WHAT YOU WILL DO: For this exercise, copy exactly the lines below from the one with "Аптека по адресу" through the one with "All textures and" and leave out the pictures.

EXTRACTED MATERIAL:
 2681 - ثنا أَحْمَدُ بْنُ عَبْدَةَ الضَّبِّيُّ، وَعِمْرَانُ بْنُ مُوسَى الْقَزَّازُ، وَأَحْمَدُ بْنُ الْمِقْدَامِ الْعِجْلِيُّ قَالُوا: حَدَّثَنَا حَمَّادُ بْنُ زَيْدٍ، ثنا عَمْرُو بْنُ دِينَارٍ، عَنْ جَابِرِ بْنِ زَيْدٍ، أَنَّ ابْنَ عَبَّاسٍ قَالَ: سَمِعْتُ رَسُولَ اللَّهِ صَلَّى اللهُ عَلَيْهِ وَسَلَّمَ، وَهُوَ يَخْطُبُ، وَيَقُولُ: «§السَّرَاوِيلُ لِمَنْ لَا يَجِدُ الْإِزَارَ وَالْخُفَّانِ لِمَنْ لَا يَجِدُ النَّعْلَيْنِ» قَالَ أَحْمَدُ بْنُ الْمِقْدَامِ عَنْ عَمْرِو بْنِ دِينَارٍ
--
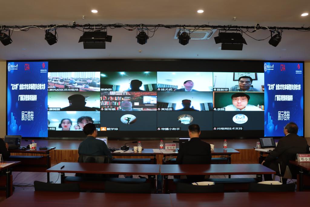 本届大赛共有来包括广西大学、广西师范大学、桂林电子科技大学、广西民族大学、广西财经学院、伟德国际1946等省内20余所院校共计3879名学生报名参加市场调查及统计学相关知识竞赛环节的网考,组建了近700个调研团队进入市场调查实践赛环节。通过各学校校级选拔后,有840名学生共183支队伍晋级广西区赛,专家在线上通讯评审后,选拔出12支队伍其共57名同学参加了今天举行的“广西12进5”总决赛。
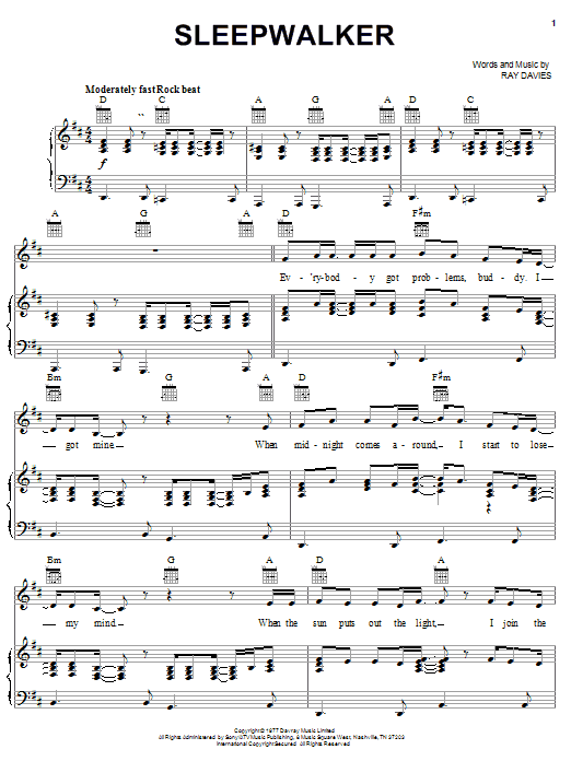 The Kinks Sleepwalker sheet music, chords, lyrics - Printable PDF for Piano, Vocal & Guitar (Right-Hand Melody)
* * *
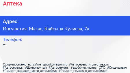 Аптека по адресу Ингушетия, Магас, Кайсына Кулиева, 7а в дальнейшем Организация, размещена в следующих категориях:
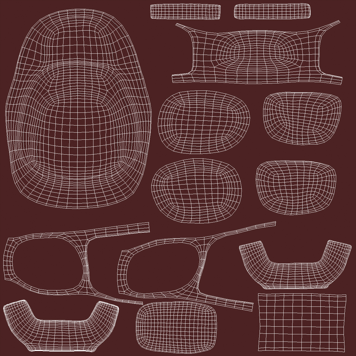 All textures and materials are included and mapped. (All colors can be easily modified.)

ANSWER:
 Аптека по адресу Ингушетия, Магас, Кайсына Кулиева, 7а в дальнейшем Организация, размещена в следующих категориях:
 All textures and materials are included and mapped. (All colors can be easily modified.)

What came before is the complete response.